■ What is being asked: Go through the listing below and repeat it exactly, omitting each picture.

(Beginning of Source data)

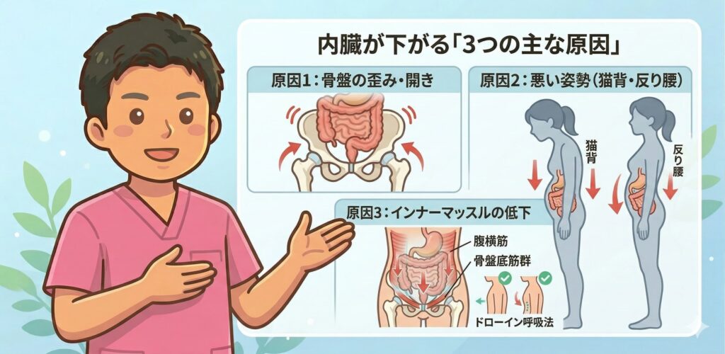 なぜ内臓の位置が下がるのか?3つの主な原因
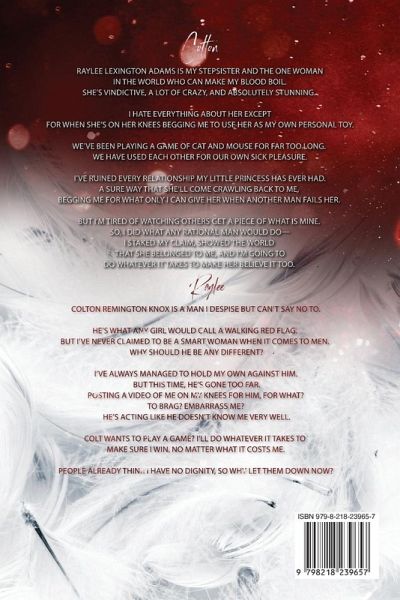An all-new dark standalone romance from the USA Today & Wall Street Journal bestselling author, Shantel Tessier. COLTON Raylee Lexington Adams is my stepsister and the one woman in the world who can make my blood boil. She's vindictive, a lot of crazy, and absolutely stunning. I hate everything about her except for when she's on her knees begging me to use her as my own personal toy. We've been playing a game of cat and mouse for far too long. We have used each other for our own sick pleasure. I've ruined every relationship my little princess has ever had. A sure way that she'll come crawling back to me, begging me for what only I can give her when another man fails her. But I'm tired of watching others get a piece of what is mine. So, I did what any rational man would do-I staked my claim, showed the world that she belonged to me, and I'm going to do whatever it takes to make her believe it too. RAYLEE Colton Remington Knox is a man I despise but can't say no to. He's what any girl would call a walking red flag. But I've never claimed to be a smart woman when it comes to men. Why should he be any different? I've always managed to hold my own against him. But this time, he's gone too far. Posting a video of me on my knees for him, for what? To brag? Embarrass me? He's acting like he doesn't know me very well. Colt wants to play a game? I'll do whatever it takes to make sure I win. No matter what it costs me. People already think I have no dignity, so why let them down now? Things to know about Sabotage A dark college/stepbrother romance TW (Please see author's note at the beginning of the book. If you have no triggers and want to go in blind, please skip to the prologue.) J/P (jealous/possessive) H OTT (over the top) H Told in multiple POVs
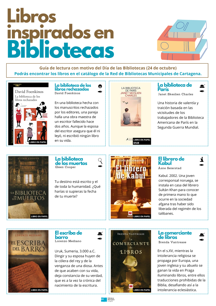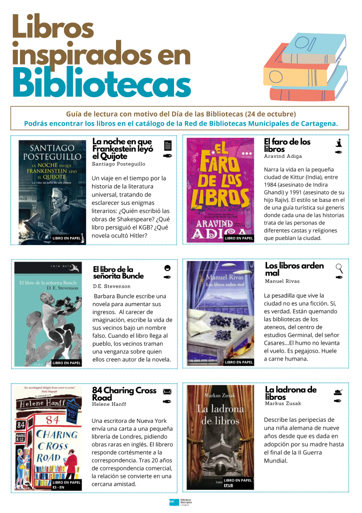 El 24 d’octubre se celebra a Espanya el Dia de les Biblioteques i la biblioteca Vicente Guinea del Tirant se suma a la iniciativa de la Xarxa de Biblioteques Municipals de Cartagena. Ací teniu alguns dels llibres que recomanen per a celebrar este dia. Quin preferiu? Nosaltres tenim el nostre preferit…
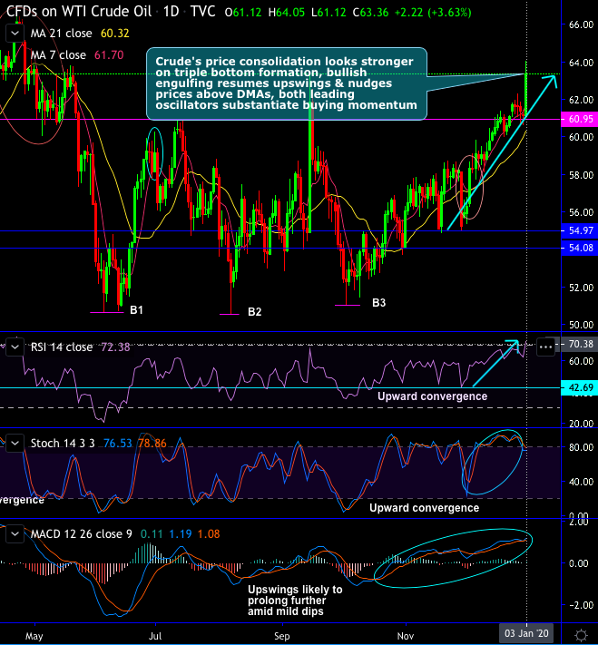 The global crude oil prices have regained buying sentiments of-late, with Brent and WTI crude futures seem to have been staged for 5th consecutive week’s gains after the recent lows of $56.17 levels, it has risen from $44.37 (2019 lows) to the recent highs of $64.05 level (surged 35.13% in the last year), and with the 2019 lows of 55.90 levels Brent crude has rallied about 21.90% and continued the bullish streaks.

(End of Source data)

■ Completed exercise:
 なぜ内臓の位置が下がるのか?3つの主な原因
An all-new dark standalone romance from the USA Today & Wall Street Journal bestselling author, Shantel Tessier. COLTON Raylee Lexington Adams is my stepsister and the one woman in the world who can make my blood boil. She's vindictive, a lot of crazy, and absolutely stunning. I hate everything about her except for when she's on her knees begging me to use her as my own personal toy. We've been playing a game of cat and mouse for far too long. We have used each other for our own sick pleasure. I've ruined every relationship my little princess has ever had. A sure way that she'll come crawling back to me, begging me for what only I can give her when another man fails her. But I'm tired of watching others get a piece of what is mine. So, I did what any rational man would do-I staked my claim, showed the world that she belonged to me, and I'm going to do whatever it takes to make her believe it too. RAYLEE Colton Remington Knox is a man I despise but can't say no to. He's what any girl would call a walking red flag. But I've never claimed to be a smart woman when it comes to men. Why should he be any different? I've always managed to hold my own against him. But this time, he's gone too far. Posting a video of me on my knees for him, for what? To brag? Embarrass me? He's acting like he doesn't know me very well. Colt wants to play a game? I'll do whatever it takes to make sure I win. No matter what it costs me. People already think I have no dignity, so why let them down now? Things to know about Sabotage A dark college/stepbrother romance TW (Please see author's note at the beginning of the book. If you have no triggers and want to go in blind, please skip to the prologue.) J/P (jealous/possessive) H OTT (over the top) H Told in multiple POVs
 El 24 d’octubre se celebra a Espanya el Dia de les Biblioteques i la biblioteca Vicente Guinea del Tirant se suma a la iniciativa de la Xarxa de Biblioteques Municipals de Cartagena. Ací teniu alguns dels llibres que recomanen per a celebrar este dia. Quin preferiu? Nosaltres tenim el nostre preferit…
 The global crude oil prices have regained buying sentiments of-late, with Brent and WTI crude futures seem to have been staged for 5th consecutive week’s gains after the recent lows of $56.17 levels, it has risen from $44.37 (2019 lows) to the recent highs of $64.05 level (surged 35.13% in the last year), and with the 2019 lows of 55.90 levels Brent crude has rallied about 21.90% and continued the bullish streaks.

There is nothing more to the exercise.